(Source data begins)
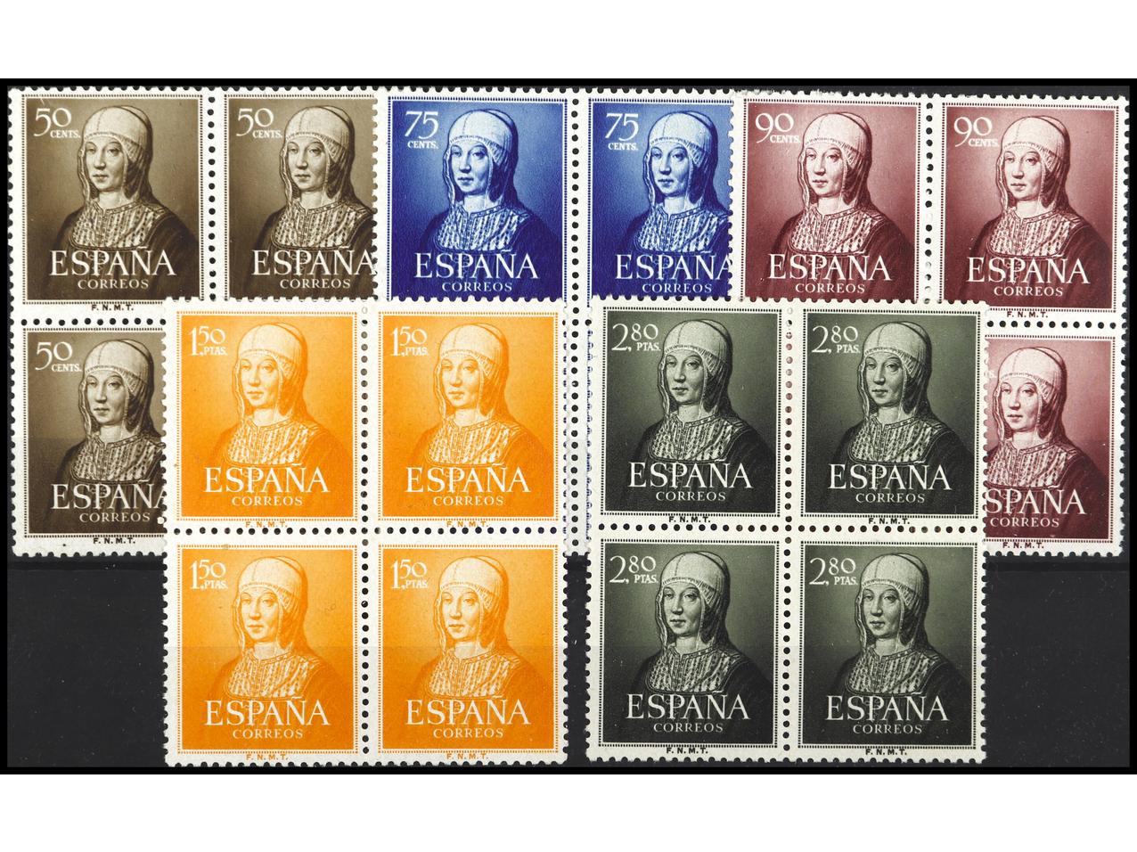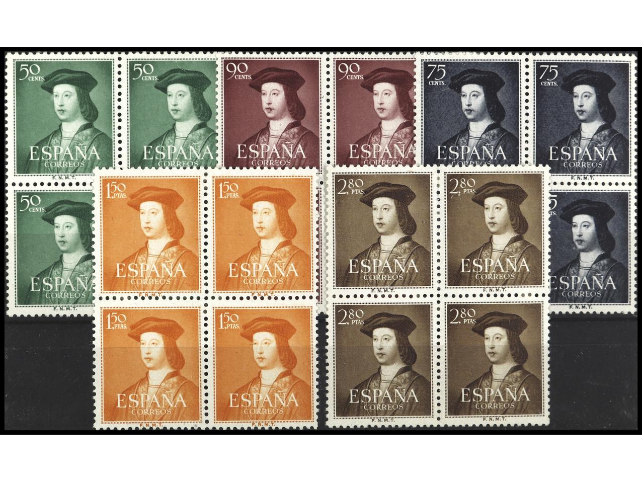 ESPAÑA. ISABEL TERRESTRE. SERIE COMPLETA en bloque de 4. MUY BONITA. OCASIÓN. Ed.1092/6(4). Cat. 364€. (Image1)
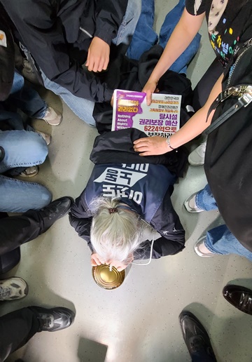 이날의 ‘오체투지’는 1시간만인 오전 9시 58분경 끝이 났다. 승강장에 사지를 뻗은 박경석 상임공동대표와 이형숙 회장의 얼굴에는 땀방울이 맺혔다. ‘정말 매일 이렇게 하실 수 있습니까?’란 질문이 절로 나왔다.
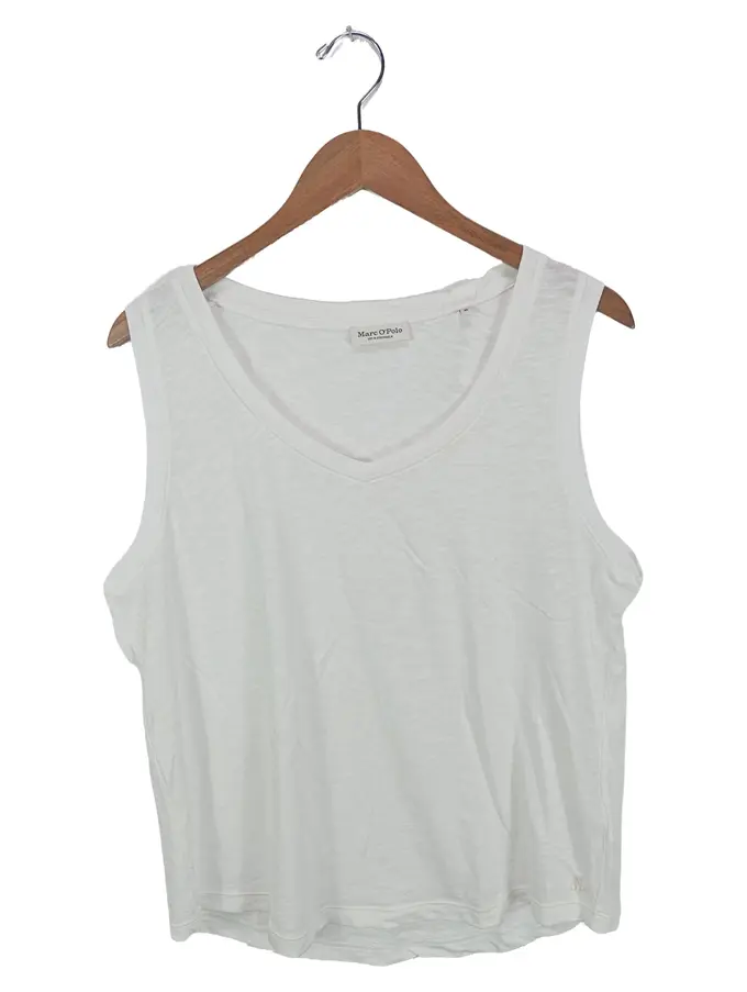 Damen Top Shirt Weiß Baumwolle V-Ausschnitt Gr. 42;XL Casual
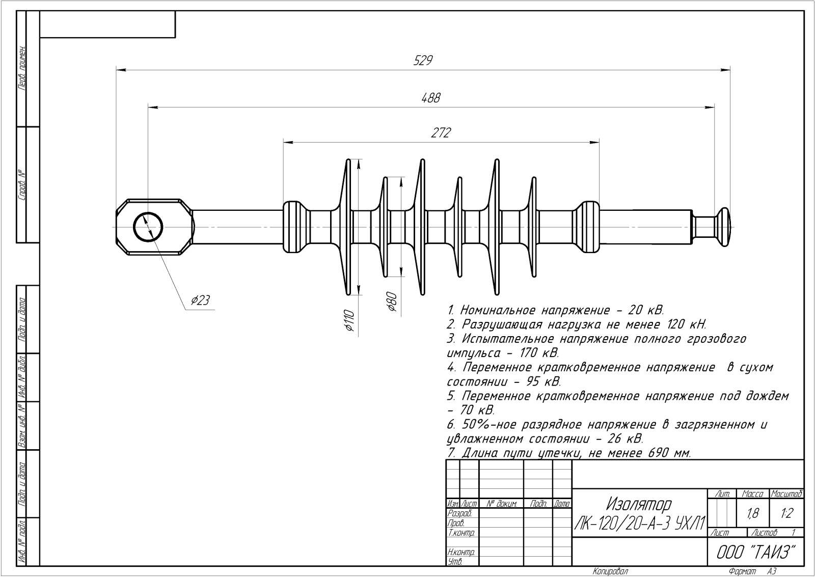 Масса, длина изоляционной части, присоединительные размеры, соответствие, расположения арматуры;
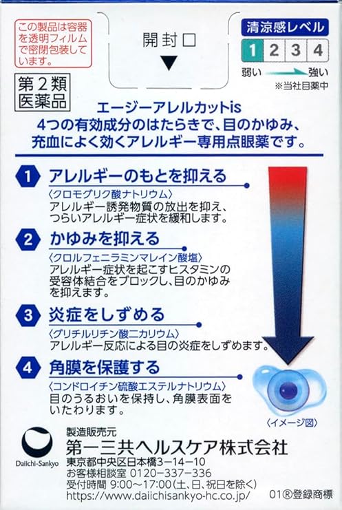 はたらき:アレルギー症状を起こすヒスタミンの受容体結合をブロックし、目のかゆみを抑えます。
(Source data ends)
(Source data begins)
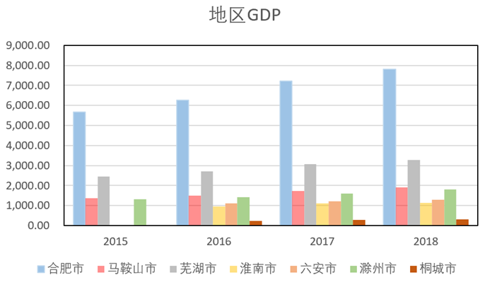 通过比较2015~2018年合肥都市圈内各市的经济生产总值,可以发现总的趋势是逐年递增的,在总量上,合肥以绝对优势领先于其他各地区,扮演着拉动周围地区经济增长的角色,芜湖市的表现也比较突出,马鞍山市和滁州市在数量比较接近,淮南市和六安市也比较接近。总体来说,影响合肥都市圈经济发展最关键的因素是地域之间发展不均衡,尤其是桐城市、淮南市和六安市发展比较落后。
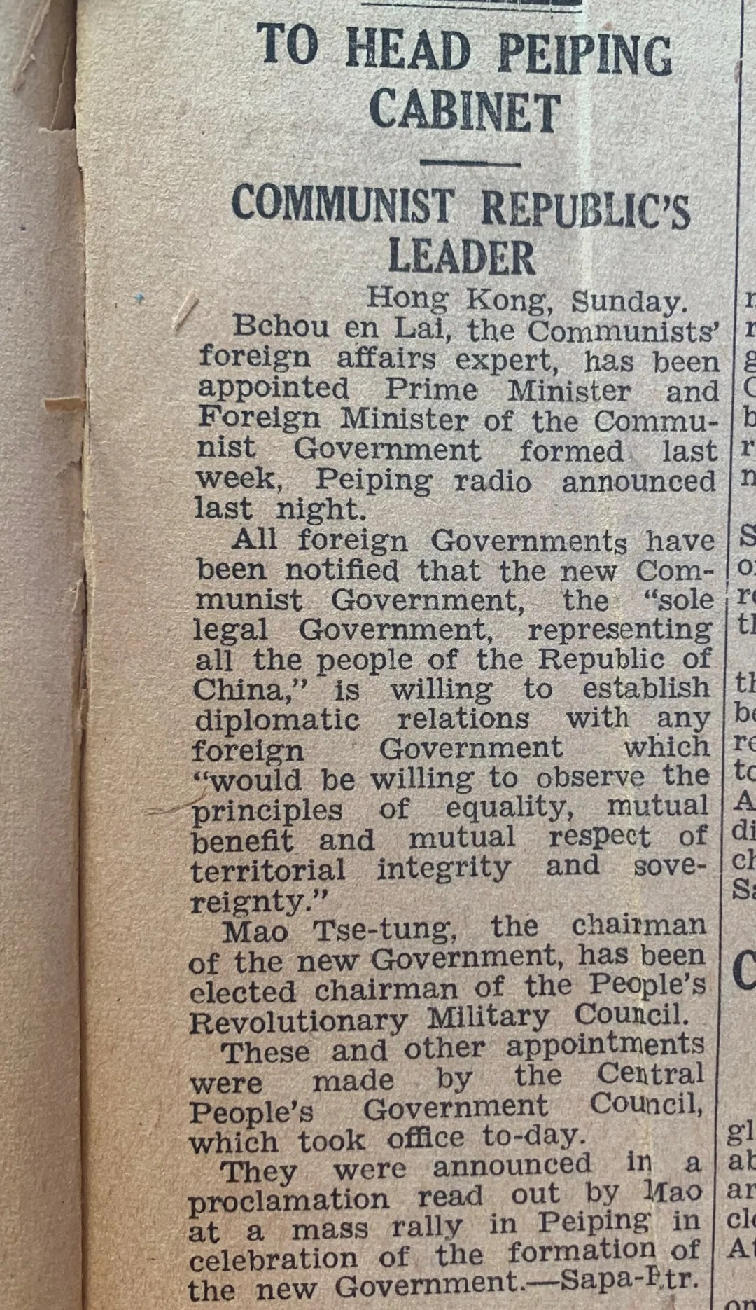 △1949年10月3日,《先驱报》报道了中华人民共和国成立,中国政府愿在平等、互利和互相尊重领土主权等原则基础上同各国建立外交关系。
(Source data ends)
(Source data begins)
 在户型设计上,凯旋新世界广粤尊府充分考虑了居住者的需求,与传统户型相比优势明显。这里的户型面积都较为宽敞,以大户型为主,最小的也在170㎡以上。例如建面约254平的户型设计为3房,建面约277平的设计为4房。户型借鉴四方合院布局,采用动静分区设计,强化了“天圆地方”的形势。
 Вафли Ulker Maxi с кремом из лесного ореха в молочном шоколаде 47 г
(Source data ends)
# Work to be completed
Would you please repeat only the lines above, beginning at the one that has "Damen Top Shirt" and stopping after the one that has "はたらき:アレルギー症状を起", exactly and with no pictures?

# Response to this exercise
 Damen Top Shirt Weiß Baumwolle V-Ausschnitt Gr. 42;XL Casual
 Масса, длина изоляционной части, присоединительные размеры, соответствие, расположения арматуры;
 はたらき:アレルギー症状を起こすヒスタミンの受容体結合をブロックし、目のかゆみを抑えます。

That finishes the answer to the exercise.